_Data_.
________________________________________
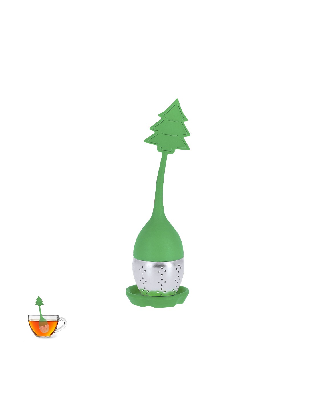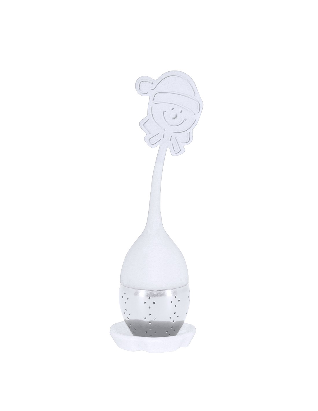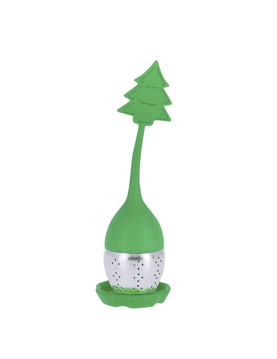 Infusor de té con diseño navideño. Fabricado en silicona y acero inoxidable. Incluye base de silicona, ideal para apoyar el infusor tras su uso, evitando goteos y manteniendo limpia la superficie.
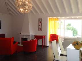 In the first and second bedroom is a double bed with two mattresses each (0,90x 2,00m). The third bedroom has a single bed. The bright living area has a sofa, a chimney, and a nice sitting area with a dining table for 6 people. You also have a panoramic view of the south coast and the sea. Next to the living area is the kitchen. The kitchen is provided with a gas stove, an extractor fan, a microwave, a big refrigerator (no freezer), a washing machine and more.
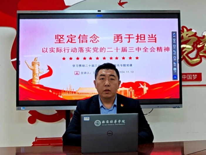会计与金融学院学生第一党支部书记王迪老师开展了主题为“坚定信念、勇于担当——以实际行动落实党的二十届三中全会精神”的讲党课活动。王老师带领大家学习了党的二十届三中全会的“三个意义”。通过生动的事例和深刻的理论分析,全面把握党的二十届三中全会的“三个重点”。让党员们深刻认识到坚定的信仰是共产党员的精神支柱和力量源泉,从而深入贯彻党的二十届三中全会的“三个坚持”。
________________________________________
_What you will do_. Retype the listing exactly. Leave out its pictures.

_Exercise output_.
 Infusor de té con diseño navideño. Fabricado en silicona y acero inoxidable. Incluye base de silicona, ideal para apoyar el infusor tras su uso, evitando goteos y manteniendo limpia la superficie.
 In the first and second bedroom is a double bed with two mattresses each (0,90x 2,00m). The third bedroom has a single bed. The bright living area has a sofa, a chimney, and a nice sitting area with a dining table for 6 people. You also have a panoramic view of the south coast and the sea. Next to the living area is the kitchen. The kitchen is provided with a gas stove, an extractor fan, a microwave, a big refrigerator (no freezer), a washing machine and more.
会计与金融学院学生第一党支部书记王迪老师开展了主题为“坚定信念、勇于担当——以实际行动落实党的二十届三中全会精神”的讲党课活动。王老师带领大家学习了党的二十届三中全会的“三个意义”。通过生动的事例和深刻的理论分析,全面把握党的二十届三中全会的“三个重点”。让党员们深刻认识到坚定的信仰是共产党员的精神支柱和力量源泉,从而深入贯彻党的二十届三中全会的“三个坚持”。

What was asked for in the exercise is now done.